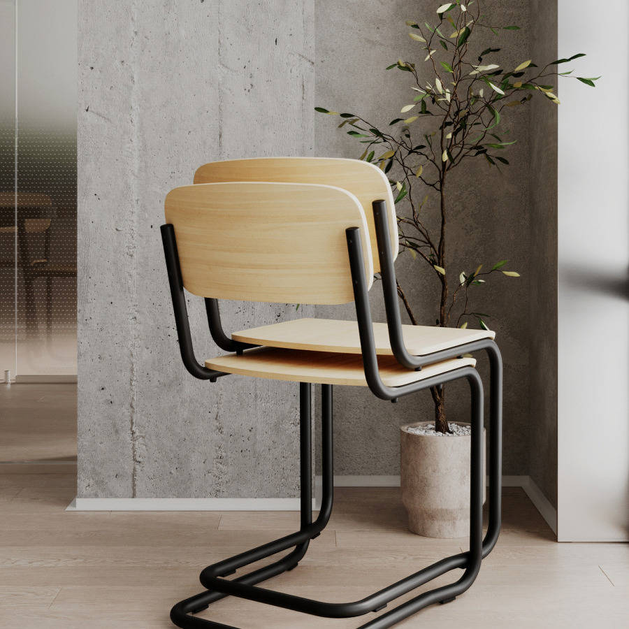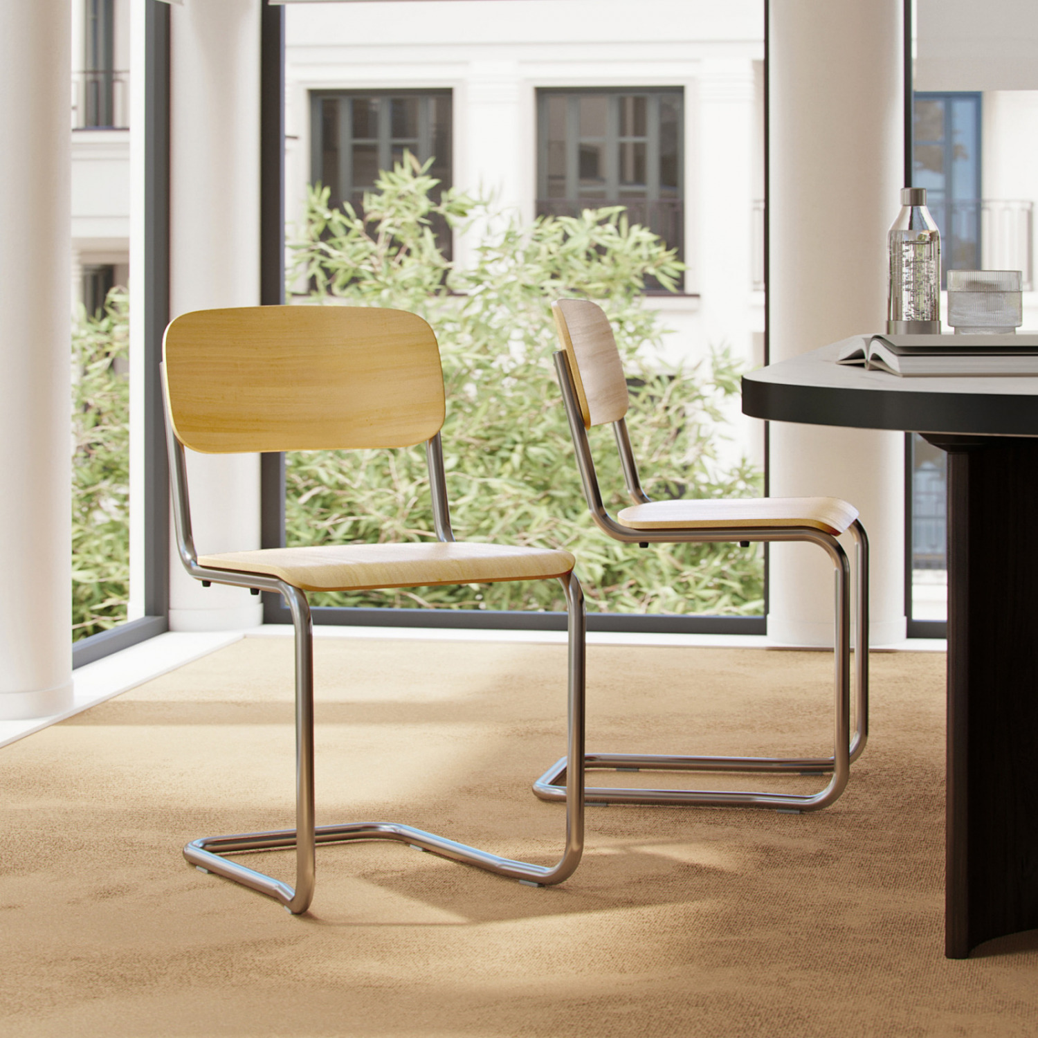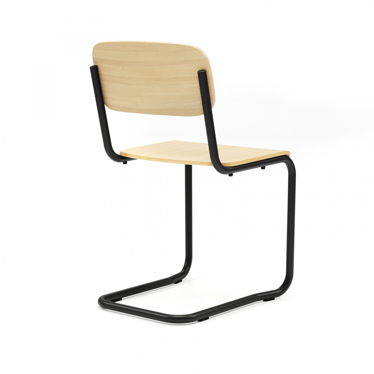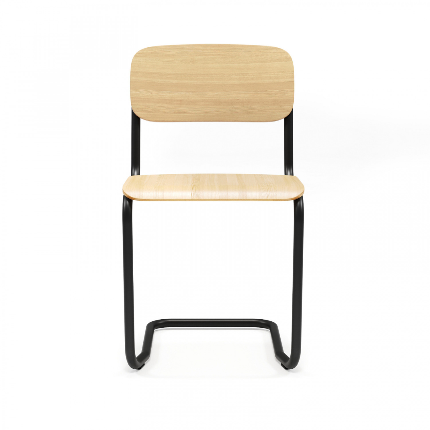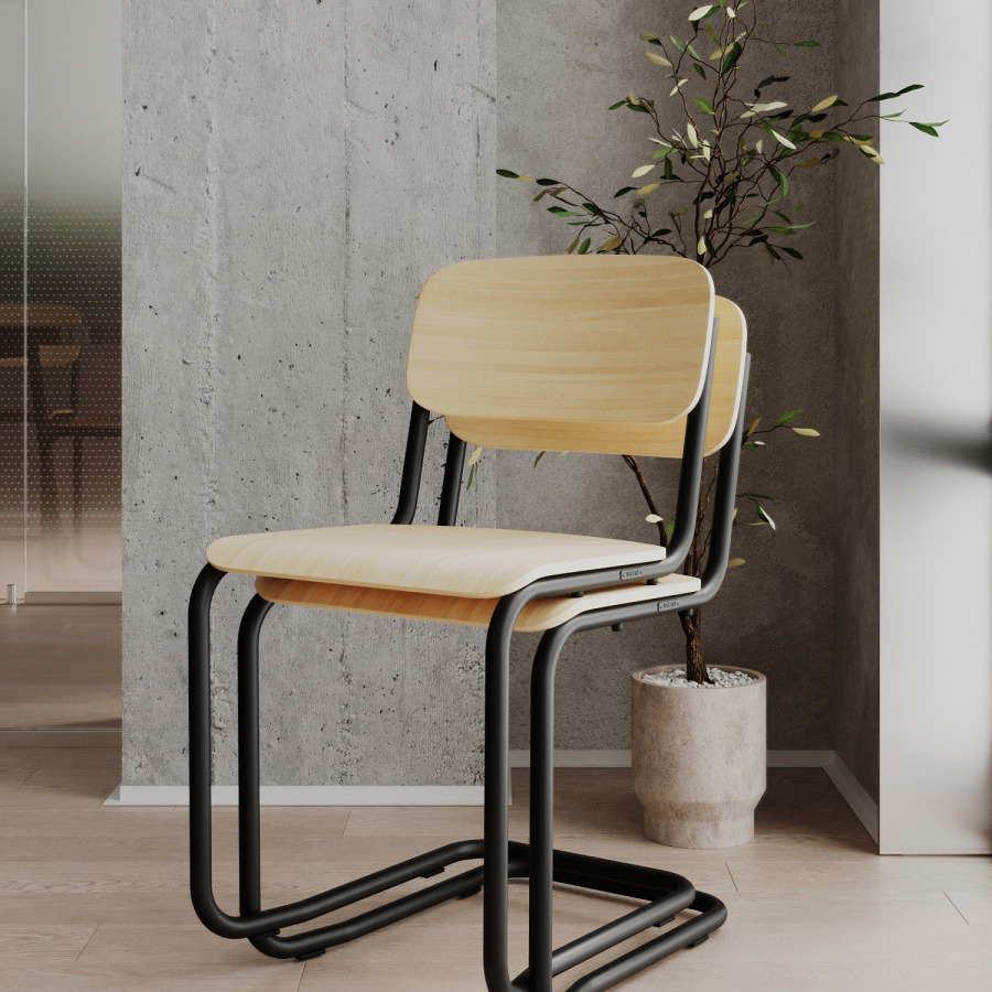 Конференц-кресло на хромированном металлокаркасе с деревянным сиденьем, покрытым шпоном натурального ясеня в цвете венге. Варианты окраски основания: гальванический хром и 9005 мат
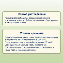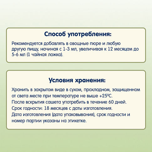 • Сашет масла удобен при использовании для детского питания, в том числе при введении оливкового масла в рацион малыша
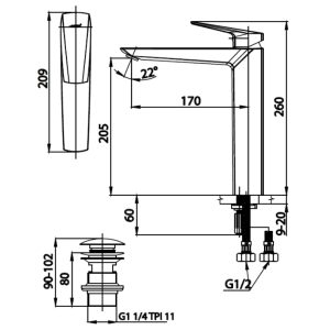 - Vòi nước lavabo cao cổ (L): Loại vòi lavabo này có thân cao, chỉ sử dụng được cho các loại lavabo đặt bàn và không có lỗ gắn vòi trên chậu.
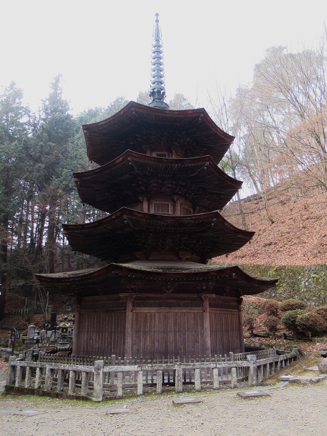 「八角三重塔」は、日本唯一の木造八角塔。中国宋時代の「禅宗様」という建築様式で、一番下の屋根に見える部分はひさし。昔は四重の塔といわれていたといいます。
- - -
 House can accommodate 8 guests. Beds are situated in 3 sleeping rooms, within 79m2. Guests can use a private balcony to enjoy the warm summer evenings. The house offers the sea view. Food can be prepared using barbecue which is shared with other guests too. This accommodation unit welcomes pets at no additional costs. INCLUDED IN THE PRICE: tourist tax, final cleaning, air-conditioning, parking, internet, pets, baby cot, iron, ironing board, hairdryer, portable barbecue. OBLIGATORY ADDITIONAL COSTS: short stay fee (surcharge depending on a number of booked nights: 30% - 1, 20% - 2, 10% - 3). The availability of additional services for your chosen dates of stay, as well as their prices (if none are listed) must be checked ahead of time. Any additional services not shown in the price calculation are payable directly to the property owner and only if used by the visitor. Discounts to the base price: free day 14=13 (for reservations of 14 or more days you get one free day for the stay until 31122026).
- - -
Exactly the lines above from the one that contains "Конференц-кресло на хромированном" down to the one that contains "- Vòi nước lavabo" are to be output, both ends kept and pictures omitted.

 Конференц-кресло на хромированном металлокаркасе с деревянным сиденьем, покрытым шпоном натурального ясеня в цвете венге. Варианты окраски основания: гальванический хром и 9005 мат
 • Сашет масла удобен при использовании для детского питания, в том числе при введении оливкового масла в рацион малыша
 - Vòi nước lavabo cao cổ (L): Loại vòi lavabo này có thân cao, chỉ sử dụng được cho các loại lavabo đặt bàn và không có lỗ gắn vòi trên chậu.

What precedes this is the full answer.